Na semana de 11 a 18 de Agosto de 2014 fomos convidados a fazer parte da tripulação do veleiro Argos III na travessia entre Fortaleza/CE e Cabedelo/PB, um trecho de pouco mais de 340 milhas náuticas, mas dependendo de alguns meses do ano, como Julho, Agosto e Setembro, a medida do percurso pode se transformar em uma incógnita de tamanho e alguns respingos salgados de sofrimento. No nosso caso, mês de Agosto, o pior deles. Convite aceito de pronto!

O Argos III é um catamarã de 30 pés, pouco mais de 9 metros, novinho em folha e construído em São Luiz do Maranhão.

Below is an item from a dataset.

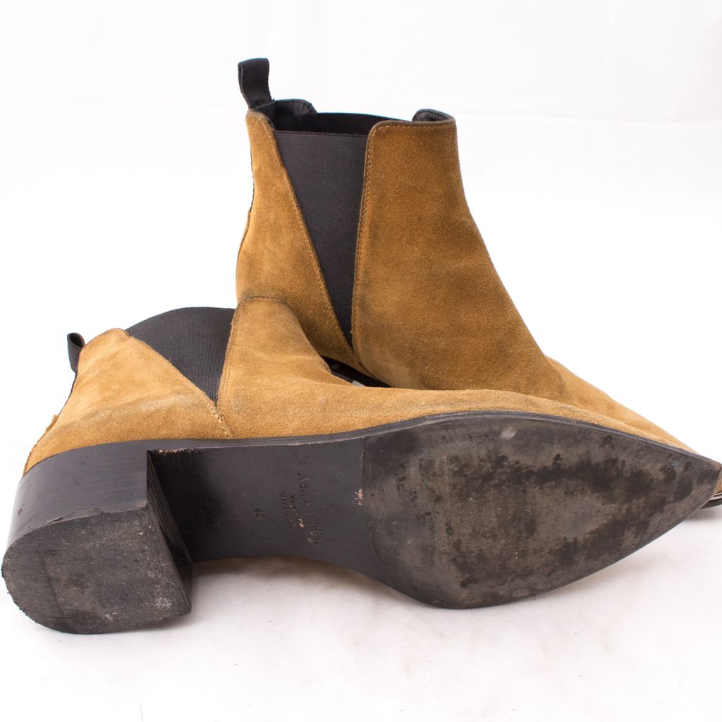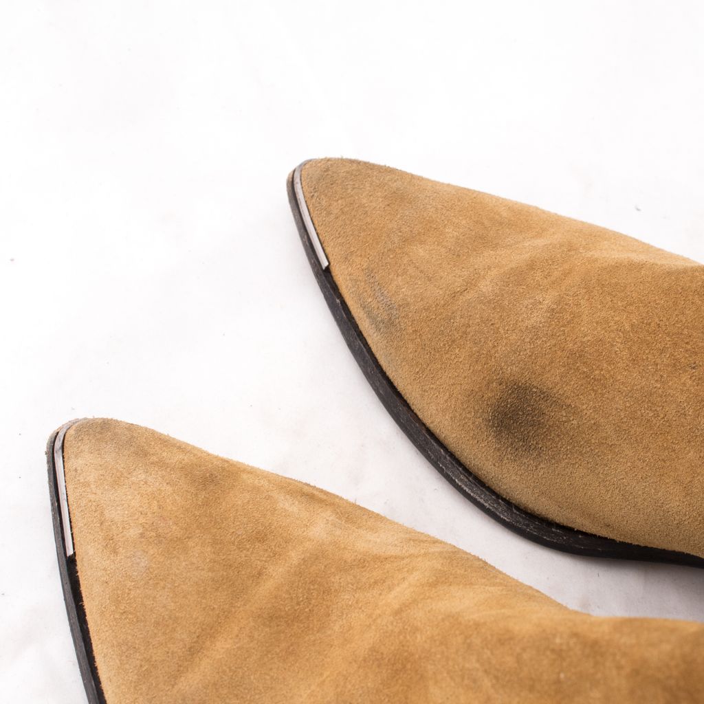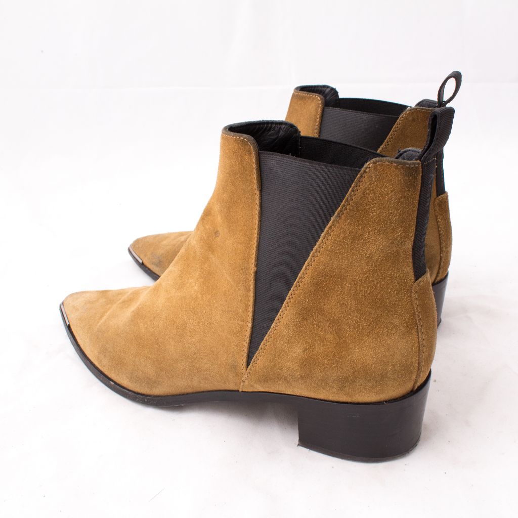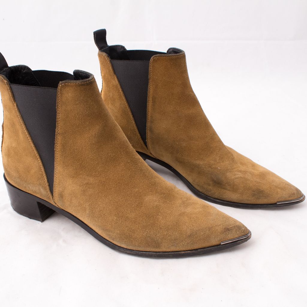 Acne Studios Suede Jensen boot. Suede upper with leather sole, gently worn, wear shown in photos. Elastic goring on sides, silver-tone metal accent at toe.
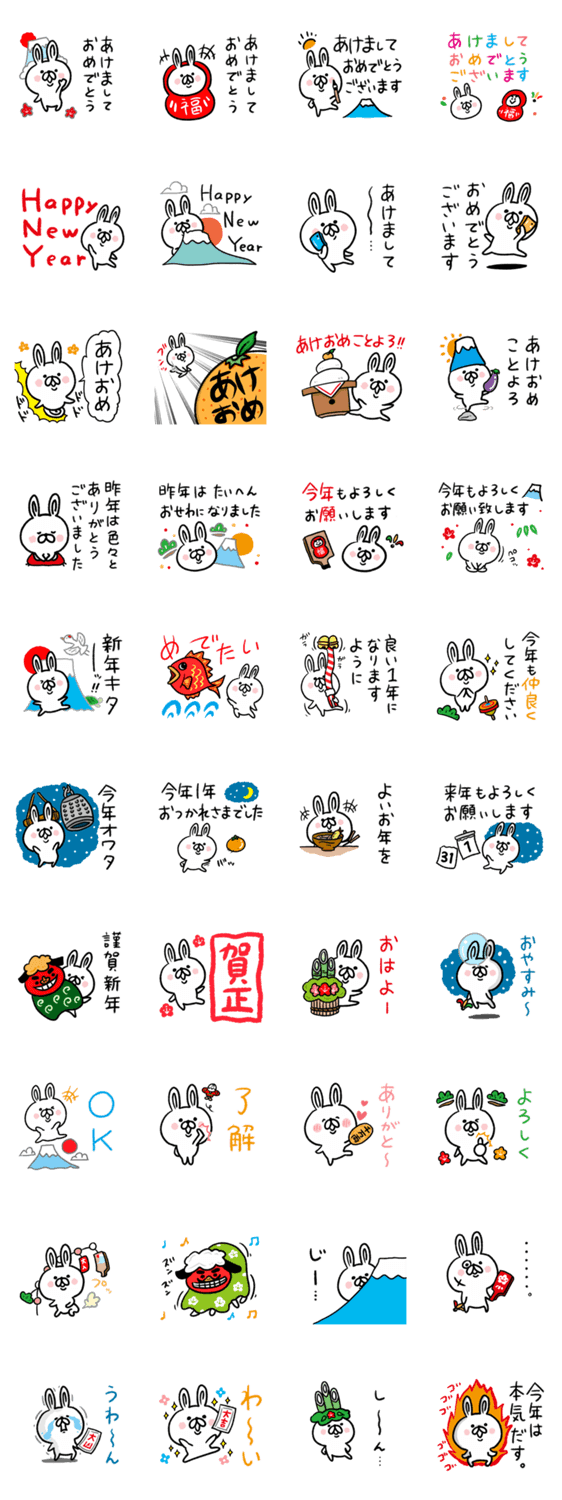 ウサギのあけおめスタンプ。毎年使える絵柄です。大晦日・年末年始・正月・年賀状・冬休みなど。新年の日常会話系もあり。2016年あけましておめでとう!Happy New Year!

A travessia de Fortaleza a Cabedelo seria a segunda perna de sua viagem inaugural e participar do começo da história de um barco deixa a gente cheio de vontade.

Deixamos o Avoante em Salvador e pegamos um voo para Fortaleza onde nos aguardaria o proprietário do Argos III, comandante Fábio Ribeiro. Juntar-se-ia a nós o José Rubens, um paulista muito gente boa e que faria sua primeira navegada em um veleiro de oceano. Pensei com meus botões: Viiixi!

A grande maioria dos velejadores tem como certo que navegar a costa nordeste do Brasil no sentido norte/sul no mês de Agosto é coisa de maluco e pode acreditar que estou entre os que pensam assim. Enfrentar os ventos alísios e a corrente marinha ligados em força máxima não é coisa de quem tem os parafusos da cabeça em bom estado. Mas vale salientar que no mar nem tudo são flores e um navegador não pode se dá ao luxo de escolher apenas águas tranquilas, pois elas não formam bons navegadores.

Quando comentei sobre a viagem com alguns amigos recebi olhares de pena e muitos conselhos para que desistisse do convite. Diante de todos apenas sorri e confirmei a viagem. Um deles disse assim: A melhor opção para a saída é o retorno ao porto.

Dois dias antes de pegar o voo para Fortaleza liguei para um amigo em Natal/RN pedindo informações sobre como estavam às condições de vento e mar na região, porque uma coisa é analisar as previsões nas páginas dos sites meteorológicos e outra é ver tudo ao vivo.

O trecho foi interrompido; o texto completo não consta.